# Well, Bought An Exercise Machine....



## great white (Apr 14, 2015)

The missus has been vetching about needing more exercise. As far as I'm concerned, she's still one hot tamale but she wants to work on keeping her shape (she's 5' 8" and 130 lbs).

This winter has been hard on us with not being able to get outside and I'm not a fan of spending long periods on a machine in the basement or gym.

So, we went looking for something that didn't claim a lot of time needed for workout results, low/no impact and would be easy to squirrel away in a smaller space.
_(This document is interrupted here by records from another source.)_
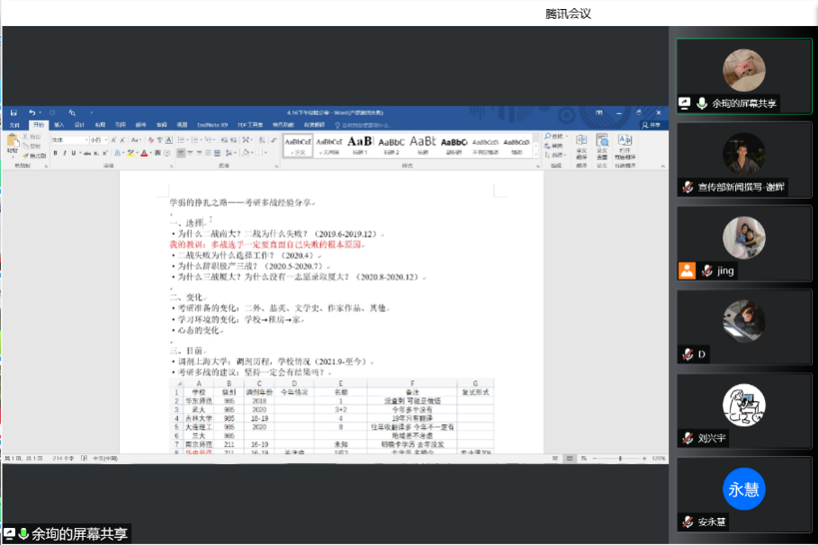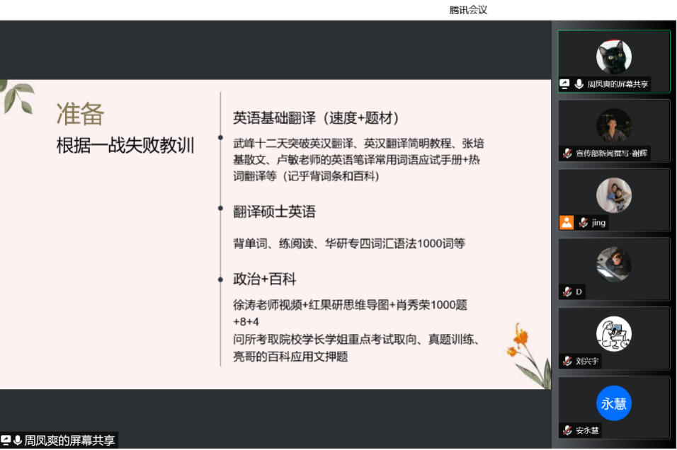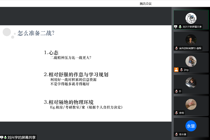 通过腾讯会议线上举办了二战考研经验分享会。本次经验分享会邀请到6位2015级、2017级的本科毕业生分享他们二战考研的心路历程、经验,以及考研失败后选择就业的方向思路,以此为考研失利的同学积累继续备考经验,同时,参考学姐们失利后多样化的就业选择路径,为本次考研失利的2018级同学们提供参考。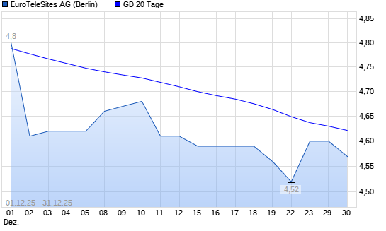 Mit dem Anstieg auf 4,55 EUR hat die EuroTeleSites AG-Aktie am 30.12.2025 die 20-Tage-Linie nach oben gekreuzt.Die EuroTeleSites AG-Aktie befindet sich seit dem 08.09.2025 im langfristigen Abwärtstrend ...weiterlesen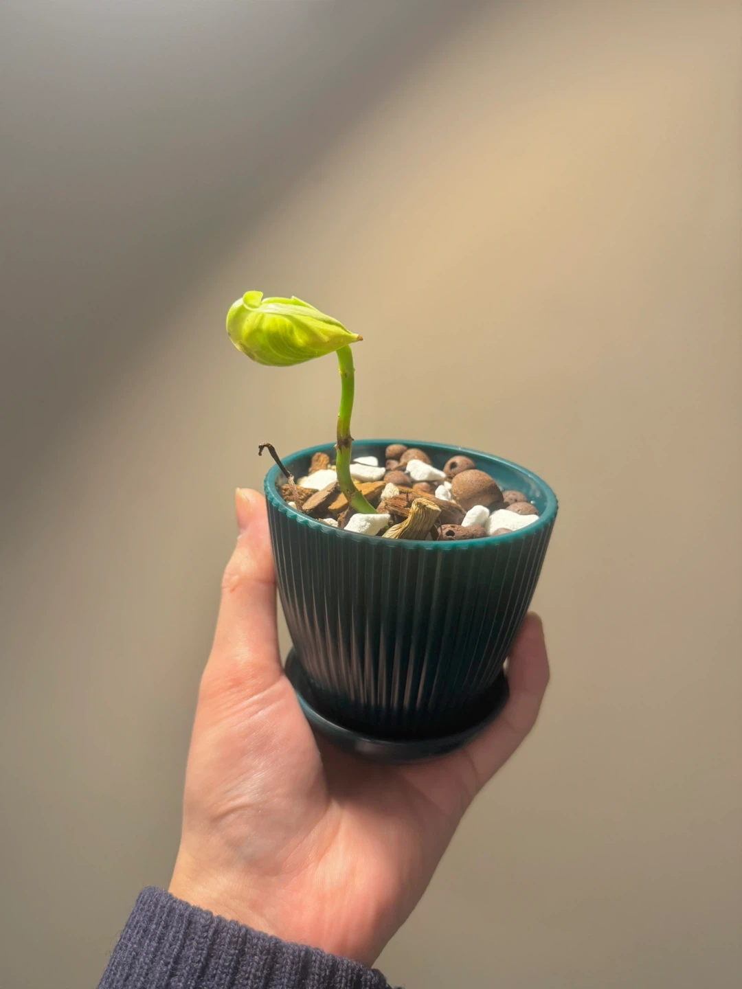 A little Philodendron melanochrysum, rare plant! It comes in a nice green pot with a matching saucer. It grew out from a mid node cutting of the mother plant (last photo). Pick up from queens elmhurst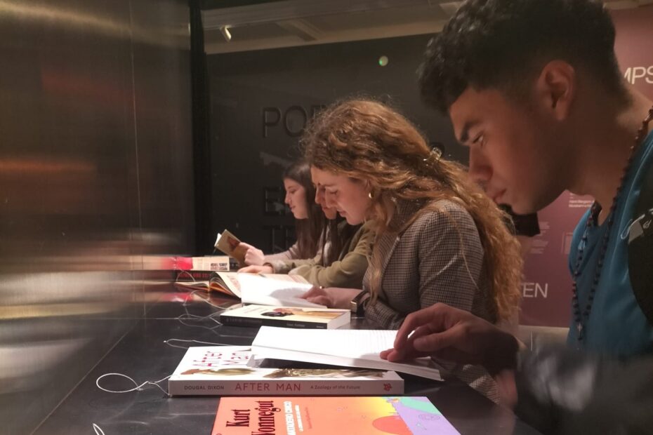 Un cop allà, tot el grup va tenir l’oportunitat de continuar la visita amb l’exposició gratuïta La invenció del temps, situada al Centre Martorell d’Exposicions, també dins del Parc de la Ciutadella. Aquesta mostra proposa una reflexió interdisciplinària sobre el concepte de temps, combinant perspectives de la biologia, la física, la neurociència, l’art i la literatura per entendre com el temps travessa tots els àmbits de la nostra existència, des de l’origen de l’univers i l’evolució de la vida fins a la percepció individual del pas del temps, la memòria, la planificació del futur i la consciència del present.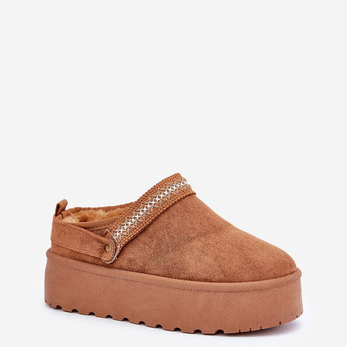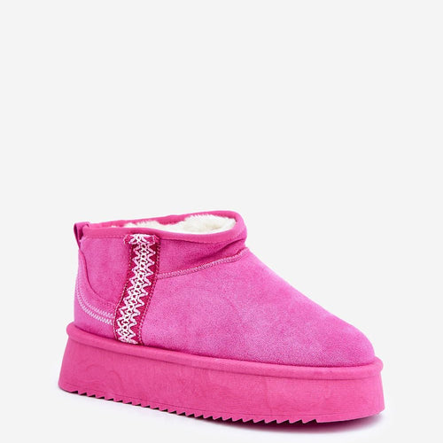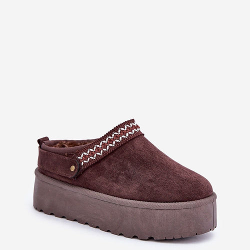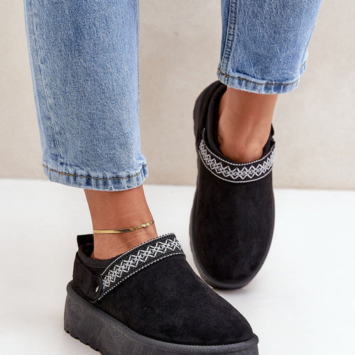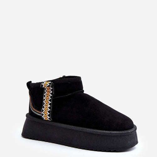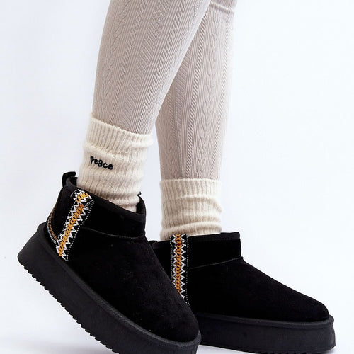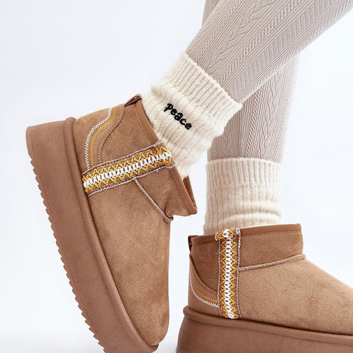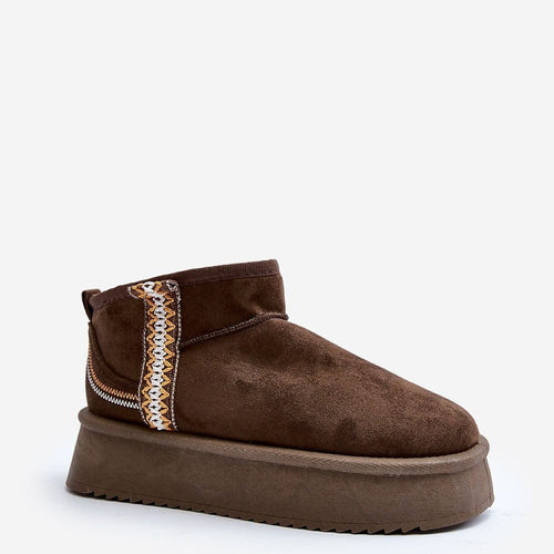 Snow boots on a platform are the trendiest style of this season! This model is made of faux suede. The thick sole made of rubber material will insulate you perfectly from the cold ground. The ankle-high upper is decorated with an Aztec pattern. The inside is lined with fur. You definitely have to have them! fabric imitation leather suede warmers...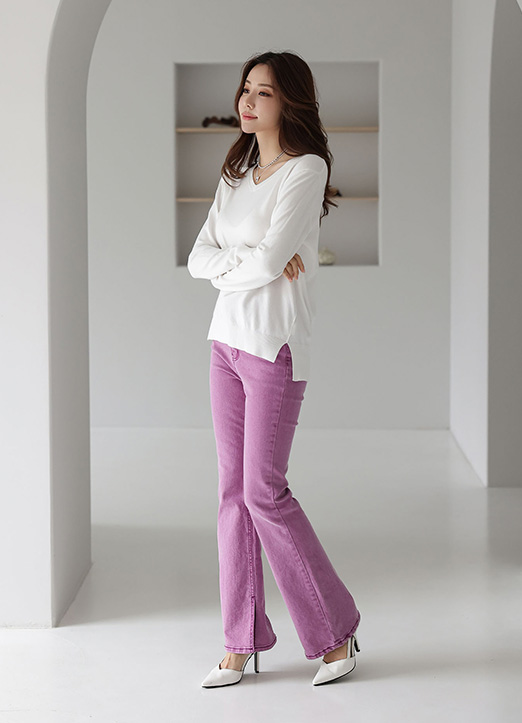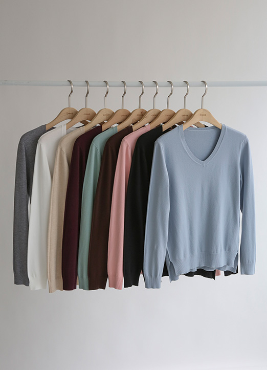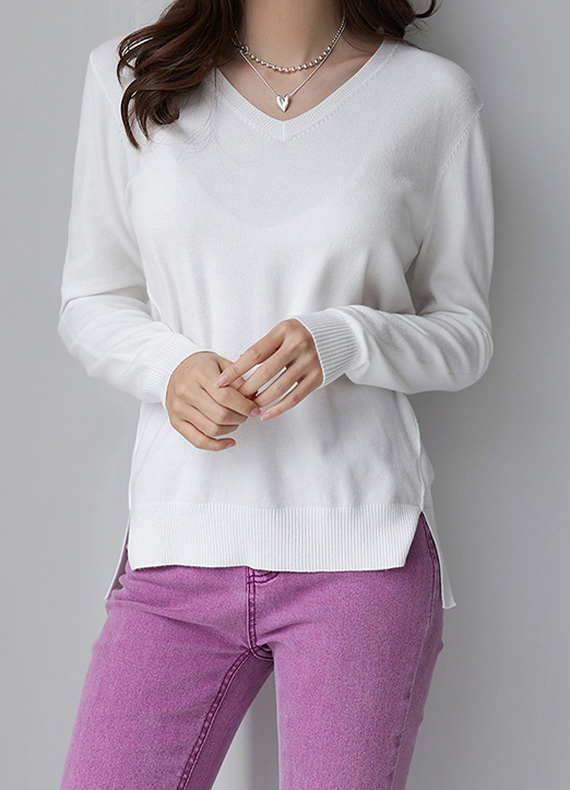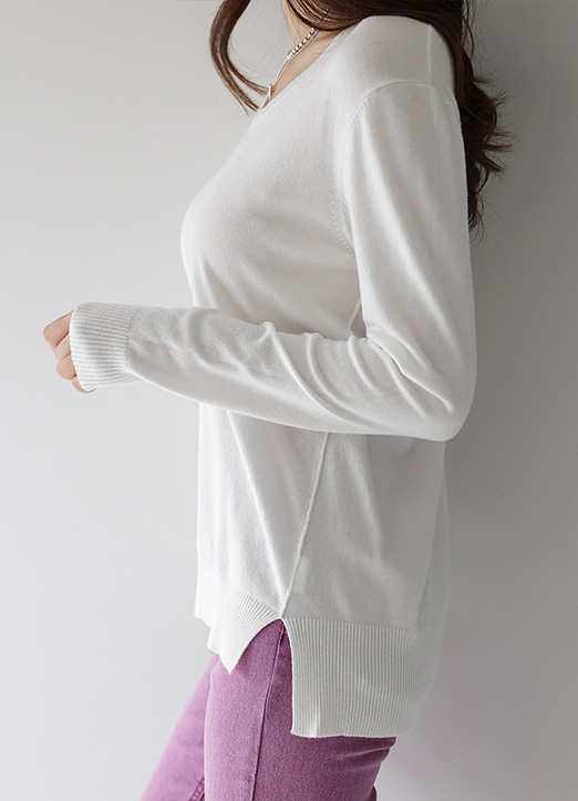 (9 Colors) V-Neck Side Slit Viscose Blend Knit Top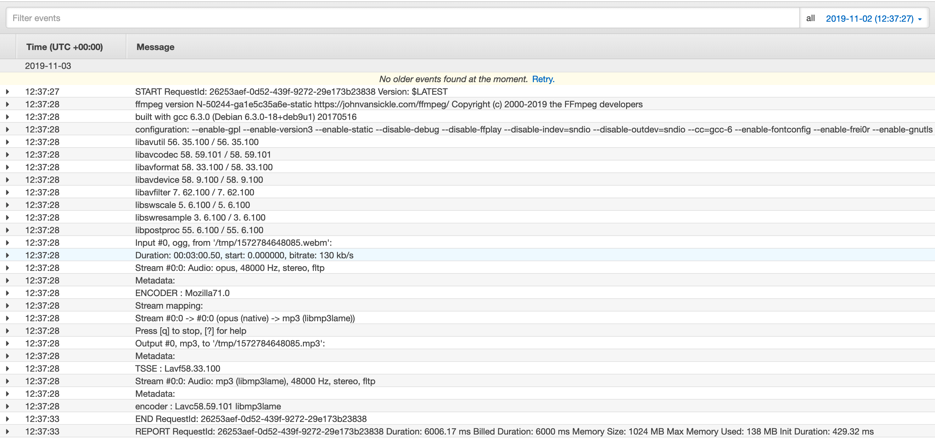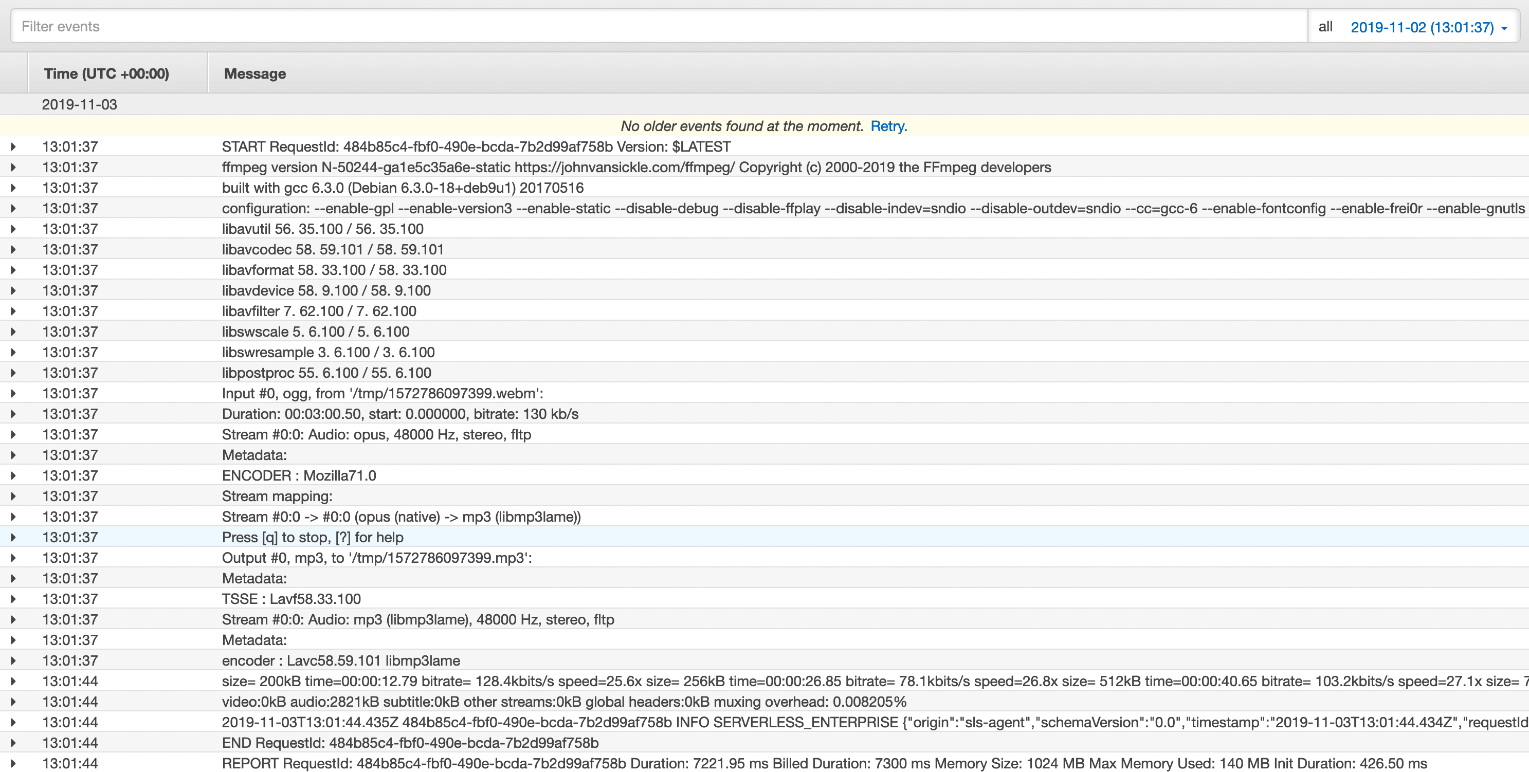 For a side project I’m converting WebM audio files to MP3. I initially started doing this with Amazon Elastic Transcoder. But after doing the same with FFmpeg and Lambda Layers, my initial testing showed that the latter is around 10 times cheaper and 2 times faster for short audio recordings (~3 minute / ~3 MB files).

I'm 50 and beat to heck from flying search and rescue (neck-back-elbows-knees) and at 40 years old her knees are wrecked from sailing (navy) so no impact is a near necessity. That means something like an elliptical or similar machine.

After reading reviews and brochures, we just ordered a bowflex Max 5. Supposedly 14 minutes of interval training provides the required exercise and some weight loss (would be nice, but I'm not exactly holding my breath for results from 14 minutes a day).

The only one we found rated a littel better was the nordictrack free strider, but it was darned near double the price!

Time will tell if the max 5 is going to get used as intended.

For what it cost, I sure as heck hope it gets used as intended......

Anyone else have exercise equipment that is .......*ahem*.......age/injury friendly?


----------



## rrjohnso2000 (Apr 14, 2015)

Put it in front of a tv. It's way easier to work out when you are distracted by something. Good luck


----------



## great white (Apr 14, 2015)

rrjohnso2000 said:


> Put it in front of a tv. It's way easier to work out when you are distracted by something. Good luck


That was actually something we looked at. It has an app that bluetooth's with android or IOS and a built in stand to hold your tablet.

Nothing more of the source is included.